Indonesia, Malaysia hope Asean unity will prevail

Hanging of convicted Filipino maid ———————————-
MALAYSIA and Indonesia yesterday expressed the hope that Singapore and the Philippines would settle their differences over the hanging of a convicted Filipino maid amicably and not allow the row to jeopardise regional unity.

“We must not do anything to undermine and jeopardise our own longer regional and strategic interests,” Malaysian Defence Minister Datuk Seri Najib Tun Razak told a news conference in Singapore after receiving the Republic’s highest military award.

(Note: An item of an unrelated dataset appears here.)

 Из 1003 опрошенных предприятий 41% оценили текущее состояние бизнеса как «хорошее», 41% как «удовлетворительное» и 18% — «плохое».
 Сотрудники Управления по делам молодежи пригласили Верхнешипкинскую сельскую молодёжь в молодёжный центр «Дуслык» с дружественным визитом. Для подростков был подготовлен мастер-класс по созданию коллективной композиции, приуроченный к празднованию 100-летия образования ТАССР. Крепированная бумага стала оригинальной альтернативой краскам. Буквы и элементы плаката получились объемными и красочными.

“We hope that the problem will go away or blow over and that wider interests will prevail,” he said, adding that Asean’s success and viability as an organisation would override any bilateral problems in the region.

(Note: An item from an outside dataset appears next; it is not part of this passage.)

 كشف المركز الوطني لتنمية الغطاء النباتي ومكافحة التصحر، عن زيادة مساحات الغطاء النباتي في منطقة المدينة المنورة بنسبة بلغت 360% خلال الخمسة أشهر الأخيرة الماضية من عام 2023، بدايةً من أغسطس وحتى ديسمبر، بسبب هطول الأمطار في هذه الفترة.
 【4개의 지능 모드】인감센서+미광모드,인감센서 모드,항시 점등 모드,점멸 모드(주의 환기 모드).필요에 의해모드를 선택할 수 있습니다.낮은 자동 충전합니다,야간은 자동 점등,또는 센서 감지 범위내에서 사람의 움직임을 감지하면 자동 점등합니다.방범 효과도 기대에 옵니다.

Meanwhile in Kuala Lumpur, Foreign Minister Datuk Abdullah Ahmad Badawi said Malaysia felt Asean countries should not allow problems between them to jeopardise their good bilateral relations.

“We hope there will not be any action that can cause a break in ties among Asean members,” he told reporters after attending a meeting between Malaysian and Lebanese delegations.

While most Malaysian dailies downplayed the diplomatic troubles between the Philippines and Singapore over the execution of Flor Contemplacion convicted of murdering another Filipino maid and a four-year-old Singapore boy – the Star and the Utusan Malaysia made it their front page leads.

In Jakarta, Indonesian Foreign Minister Ali Alatas said his country deeply regretted the strain in relations between Singapore and the Philippines.

Responding to questions from reporters yesterday, and separately at a parliamentary commission hearing on Wednesday night where the issue was also raised, he said Indonesia hoped “cooler heads would prevail”.

He told the parliamentary commission, which oversees foreign affairs, defence and security matters, that he hoped there would soon be an easing of the strain in relations.

“It is deeply regrettable that the issue has seen the emergence of emotions on the Philippine side to the extent that it has resulted in disturbances to relations between Singapore and the Philippines,” he said.

Legislators Krissantono from the ruling Golkar and Sabam Sirait from the Indonesian Democratic Party had asked Mr Alatas whether Indonesia was taking any steps to address the issue and how Indonesia, as an “older brother”, viewed the development.

Mr Alatas, who spoke to reporters yesterday before a ministerial meeting with Vice-President Try Sutrisno, said there was no plan by Indonesia to intercede, saying that the matter was for Singapore and the Philippines to deal with.

The row between the two countries has received extensive coverage in Indonesia.

The media is following the case closely partly because it involves two near Asean neighbours, and also because Indonesia has a many workers overseas, including many as maids in Singapore. – By Derwin Pereira, Ismail Kassim and Paul Jacob.